What I am commenting on, and what I am calling bullshit, is the cold hard reality of crypto - there hasn't been a coin invented yet that is anything but a ponzi scheme. Everything from bitcoin to ETH to dogecoin is just a scam to make some people rich, even if it started with good intentions(and I believe Bitcoin really was started with the intention to become a currency).
The second this changes, and we have a cryptocurrency that is actually used as money and not a plaything, I'll happily stop complaining about it.
You might reply "you're just using a proxy of USD the original currency, its not new".
That's true my reply to that would be:
Having the USD be on chain allows very efficient lending. For eg. I can use a lending aggregator that is constantly polling many lending sources and moves my money to the best source of yield regularly. How would you do this with traditional banking?
I expect over time for the volatility to smooth out as more of the expectations are realised and we figure out a widely agreed fair price for most cryptos (for many this will be zero).
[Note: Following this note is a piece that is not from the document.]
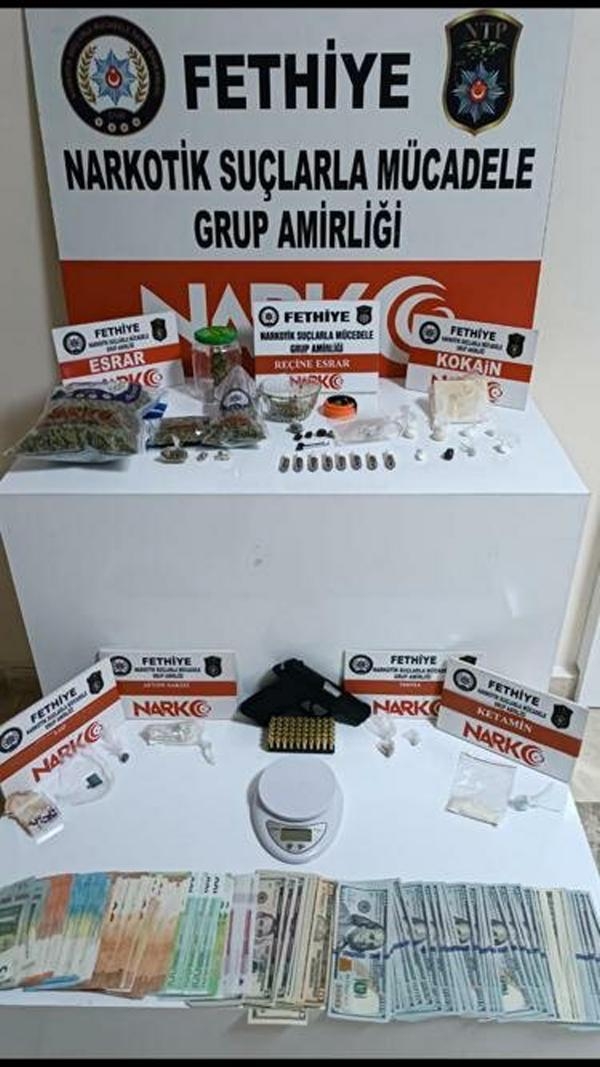 Muğla İl Emniyet Müdürlüğü Narkotik Suçlarla Mücadele Şubesi ekipleri, Dalaman ve Fethiye ilçelerinde piyasaya uyuşturucu madde sürüleceği bilgisine ulaştı. Harekete geçin ekipler, yapılan teknik ve fiziki takibin ardından, şüphelilerin ev ve iş yerlerine operasyon düzenlendi. Adreslerde yapılan aramalarda, otomobil anahtarı içerisine gizlenmiş vaziyette esrar ile çok miktarda satışa hazır paketler halinde uyuşturucu madde, 1 hassas terazi, 1 ruhsatsız tabanca, 50 mermi, ve uyuşturucu satışından elde edildiği değerlendirilen 4 bin 700 lira, 5 bin 800 dolar, 3 bin euro ele geçirildi. Gözaltına alınan D.C., E.K., B.D., S.B., ile G.P.'nin işlemlerinin sürdüğü bildirildi. (DHA)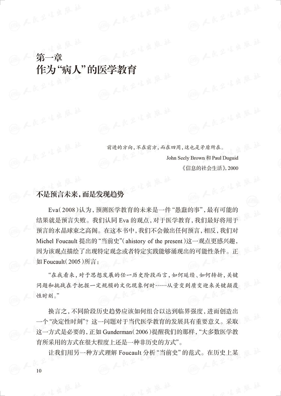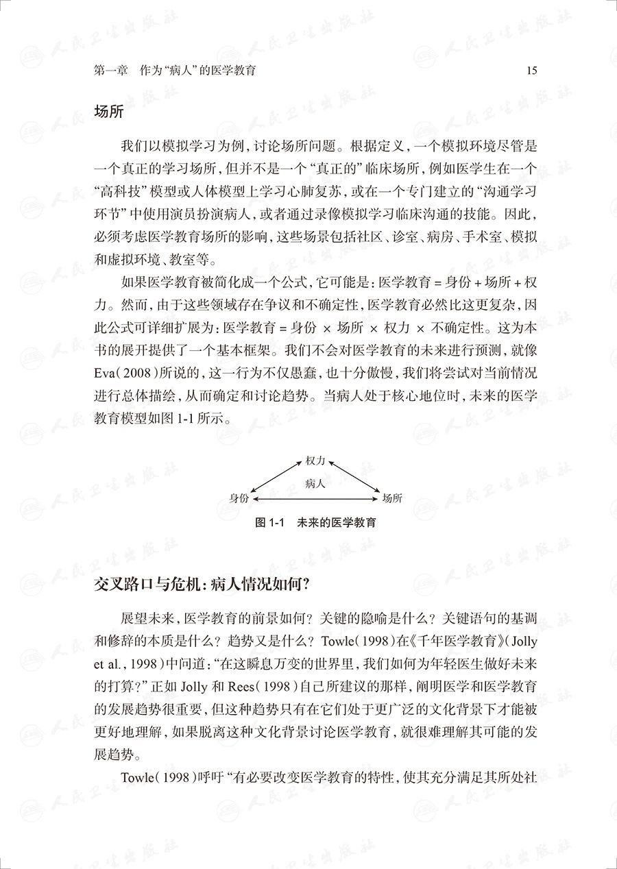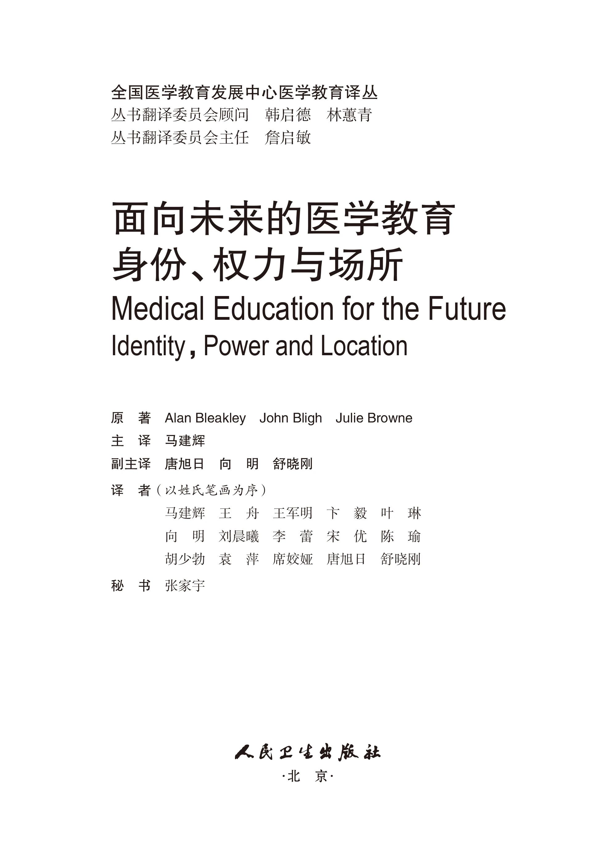 本书指出医学教育正在向更加民主,医疗实践更加“以病人为中心”的方向过渡,就医学教育中的身份、权力和场所等问题进行重点讨论,并展望了医学教育的未来。本书对于从事医疗卫生、医学教育等领域研究的研究人员、管理人员和高等院校师生具有一定的启发。

Chasing yield is a recipe for disaster.
100% agree, I hope my comment didn't paint it as if there is no risk. In terms of default, virtually all borrow lend dApps currently are overcollatoralized so if the borrower defaults, they are liquidated and I will be made whole.
> Chasing yield is a recipe for disaster.
Kind of a bizarre and baseless statement? Why should people not earn yield on their capital? We are all constantly losing purchasing power to inflation, it makes absolute sense to earn yield to negate this.
If you live somewhere where cryptocurrency gains are taxed as income, how do you handle the reporting of this at tax time? It seems like it would be tedious to keep track of every transaction across multiple defi platforms.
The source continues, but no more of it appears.